Bowden firmly believes Kiwis will embrace the show.
"People are starved of this sort of television, celebrating their own countrymen. We absorb American culture and sometimes that can be to the detriment of us.
"The feedback I've been getting is that New Zealand is so ready for this. It's been a long time coming."
That plethora of international reality shows on our television has had one positive effect, though, says Bowden. People are far more aware of what's expected of them during the audition process.
"When we did Idol, nobody really knew what they were doing, even me. New Zealanders found it tough to be on camera and put themselves out there.
"But the one thing I'm finding here is how incredibly articulate and fully prepared particularly the younger generation are. You do still get a lot of contestants who are very green - ‘My mum told me I could sing and here I am' - but others are ready to go. They've put a lot of thought into their preparation and performance and it serves them well. We wouldn't have to do too much. With three or four tweaks, some of them could be fabulous."
One thing the show appears to have done right from the beginning is get all New Zealand involved. The first stage of the process involved the production travelling to 26 locations, where they saw 6000 people of varying quality.
It was a move Bowden fully endorses. "It was very important for us to make sure it didn't feel like a big-city exercise. For a lot of people, it's tough to say to them, 'Look, we want you to get in a car, drive up to Wellington and get accommodation'.
"We thought those kind of people would really be the heart and soul of the show and we've been rewarded with an incredible spectrum of performers we wouldn't have got if we hadn't gone as wide."

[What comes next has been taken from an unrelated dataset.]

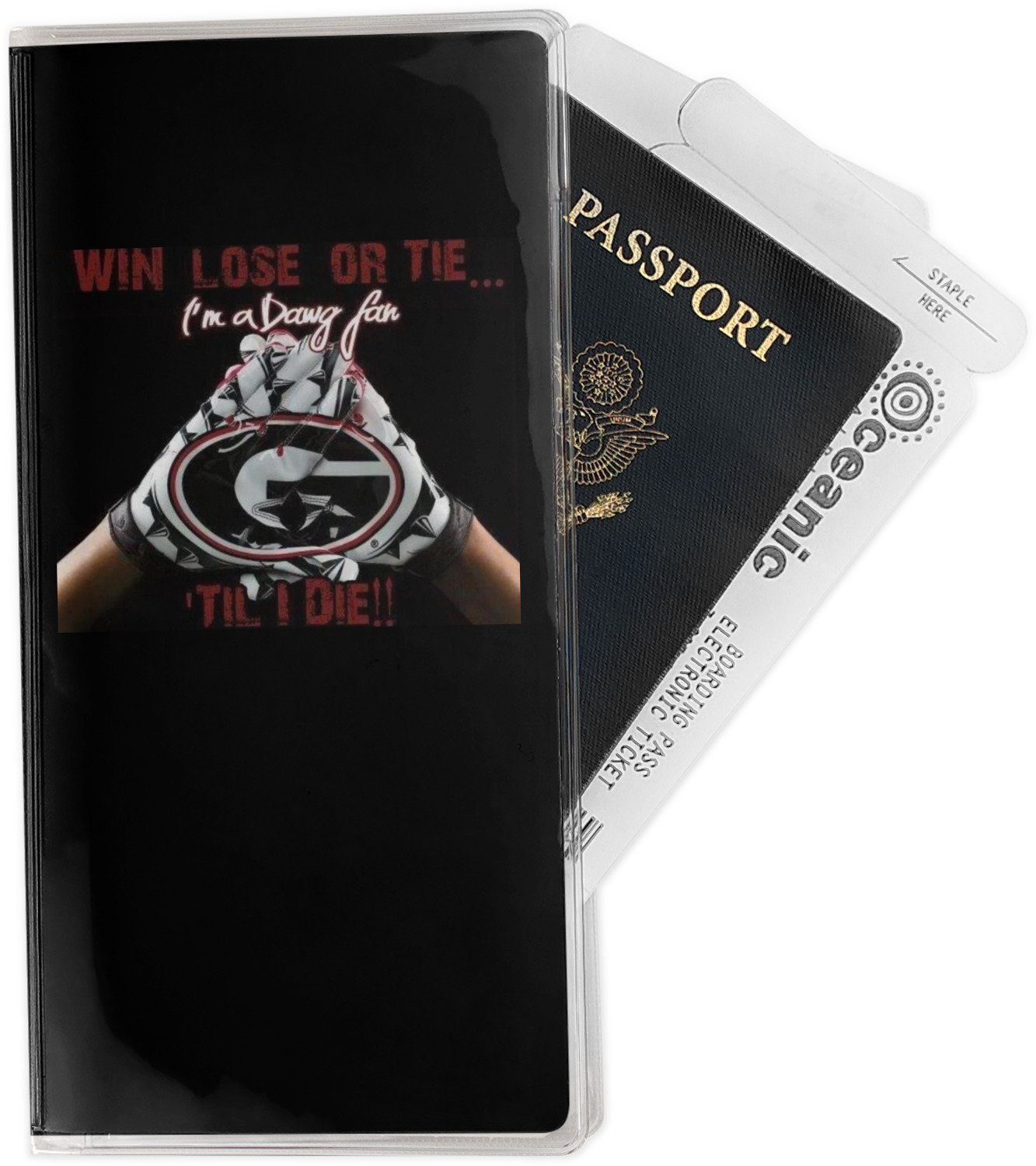This document holder is really sturdy and has your personalized design inserted right behind all of your nifty pockets, so you can see it on the front and back covers. There are two large pockets and two shorter pockets inside. The larger pockets are tall enough to keep your boarding pass nice and straight. The smaller pockets (on top of the large pockets) are large enough to fit your passport, credit card, or ID.
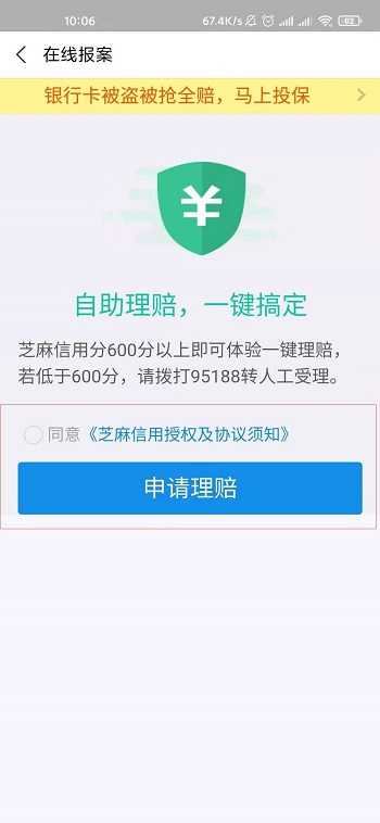 6、勾选“《同意芝麻信用授权及协议须知》”,申请理赔即可。

Citing Timaru as being incredibly strong talent-wise, he says he finds there's "a lot less BS" away from the larger cities.
Bowden believes, with its four-pronged format (boys under 25, girls under 25, over 25 and groups), The X Factor has something or someone to appeal to everyone.
In the latter stages of the competition, the public are going to be urged to get involved by voting for their favourites.
"I'm going to be selling the message: 'If you like someone, you've got to vote for them to stay in the competition'.
"I would also say to New Zealand, 'Get behind the format'. What we're trying to create here is someone who has the chance for musical success, someone who has the potential, with hard work and energy, to make an impact on the world stage.
"Simon [Cowell] is very focused on getting a winner who could break into the UK or the US. So, really, you're voting for someone you want to represent you internationally."
What: The X Factor NZ.
When: Sundays, 7pm, and Mondays, 7.30pm.